Elle sort son téléphone portable de sa poche, pour appeler rapidement les secours au cas où. Elle cherche un objet lourd, contendant. Elle aurait du se fier à son instinct. Putain, elle est trop conne. On ne fait jamais entrer chez soi un inconnu rencontré sur Internet. Elle cherche toujours un objet qui pourrait faire de sérieux dégâts ou l’assommer, ce qui lui laisserait le temps de s’enfuir, mais elle ne trouve rien. Elle quitte le salon, jette un coup d’œil rapide dans la cuisine attenante. Personne. Il a du profiter de ce qu’elle avait le dos tourné en préparant le café pour se faufiler vers les toilettes ou la salle de bains. Elle profite de son passage dans la cuisine pour récupérer discrètement un couteau de boucher suspendu sur une barre aimantée et se dirige précautionneusement vers la chambre. Elle vérifie tout d’abord s’il n’est pas dans les toilettes et la salle de bains. Mais il n’y a personne. Il ne risque donc que la chambre, au bout du couloir.

« Marco ? »

Lorsqu’elle passe le seuil de la pièce, elle sent un corps se coller derrière elle. L’individu lui saisit les mains et lui susurre à l’oreille :

« T’as l’intention de me tuer ? »

Elle sent son souffle chaud sur son cou. Marco l’embrasse dans le cou, lui soulève ses cheveux blonds, lui embrasse la nuque, lui mordille l’oreille. Il lui prend le couteau, le jette par terre, la retourne et l’embrasse à pleine bouche. Elle est trop conne, trop trop conne, d’avoir pu douter de lui. Il faut qu’elle arrête de regarder les infos à la télé. Après, elle se fait des films idiots. Lucie laisse tomber son téléphone portable et s’abandonne dans les bras de son nouvel amant.

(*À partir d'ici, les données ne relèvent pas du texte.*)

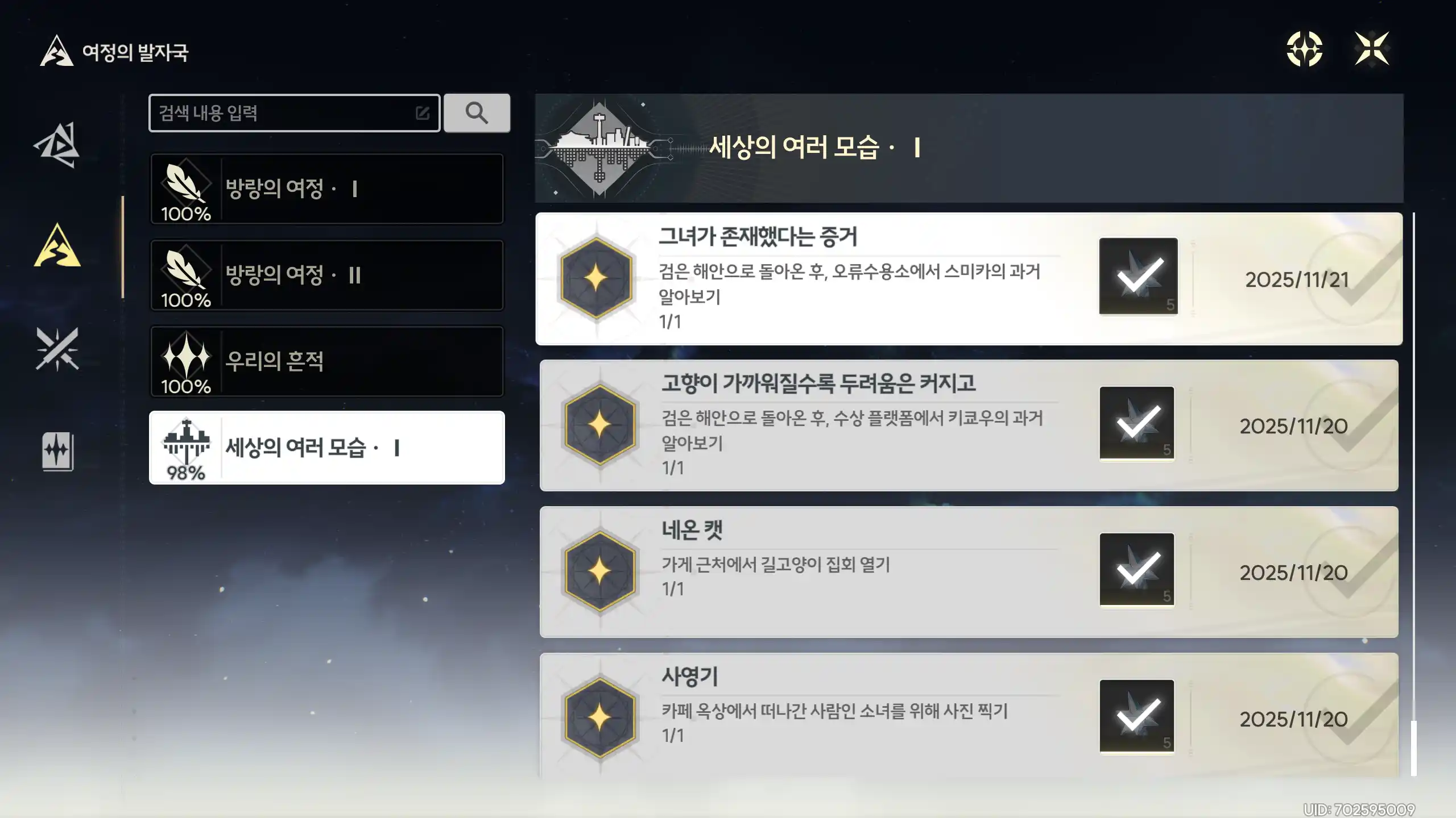 명조 - 그녀가 존재했다는 증거 업적 2025.11.21 14:30 Game.Life 반응형 세상의 여러 모습 I에 뭔가 하나 생겨서 마저 하려고 하다 발견. 검은 해안 지하 > 기지 > 지하(엘베타고) > 미에 NPC에게 말걸면 달성됨. 반응형 공유하기 게시글 관리 Klein Berry 'Game.Life' 카테고리의 다른 글 엽빛나 (0) 2025.11.26 러브라이브 성우 자기소개 (0) 2025.11.11 flax 게임 엔진 (0) 2025.11.05 댓글 공유하기 다른 글 댓글 이 글 공유하기 구독하기 구독하기 카카오톡 카카오톡 라인 라인 트위터 트위터 Facebook Facebook 카카오스토리 카카오스토리 밴드 밴드 네이버 블로그 네이버 블로그 Pocket Pocket Evernote Evernote 다른 글 창세기전 외전: 서풍의 광시곡 리마스터 예정 창세기전 외전: 서풍의 광시곡 리마스터 예정 2025.12.02 엽빛나 엽빛나 2025.11.26 러브라이브 성우 자기소개 러브라이브 성우 자기소개 2025.11.11 flax 게임 엔진 flax 게임 엔진 2025.11.05 다른 글 더 둘러보기

En pleine action, alors qu’elle le chevauche, elle pose ses mains sur le cou de Marco et commence à serrer. Au début, il y prend du plaisir, un plaisir sado nouveau. Mais elle serre de plus en plus fort, en continuant à le chevaucher de plus en plus violemment. Il essaye de dégager son cou, en vain. Les forces de Lucie ont décuplé. Elle sert encore et encore alors qu’elle approche de la jouissance. Marco râle, il bleuit petit à petit, ses yeux sortent de leurs orbites. Elle jouit, bruyamment, alors qu’elle écrase et enfonce la pomme d’Adam de Marco. Sa trachée ne résiste pas, le cartilage craque. Lucie retire le pénis de Marco de son vagin et retire également le préservatif qui le recouvre. Elle passe ses mains sous les aisselles de son amant et le tire vigoureusement vers la salle de bains. Elle le fait glisser tant bien que mal dans la baignoire. Elle récupère les vêtements de Marco dans la chambre et regagne la cuisine. Elle les dépose dans la poubelle. Elle éteint la cafetière restée allumée. Le café est coulé maintenant. Elle s’en sert dans un mug. Elle se sent revigorée. Marco était un excellent amant. Mais toute cette action lui a donné faim. Pourtant, elle a bien mangé pendant le pique-nique. Tout en buvant son café, elle cherche dans les placards sa scie à os et son hachoir à viande et les pose sur le plan de travail. Elle termine son café, pose le mug vide dans l’évier. Elle ouvre la porte du congélateur et vérifie qu’il reste de la place. Il reste encore quelques morceaux de Thomas, qu’elle pourra terminer ce soir au diner. Scie à la main, elle se dirige vers la salle de bains.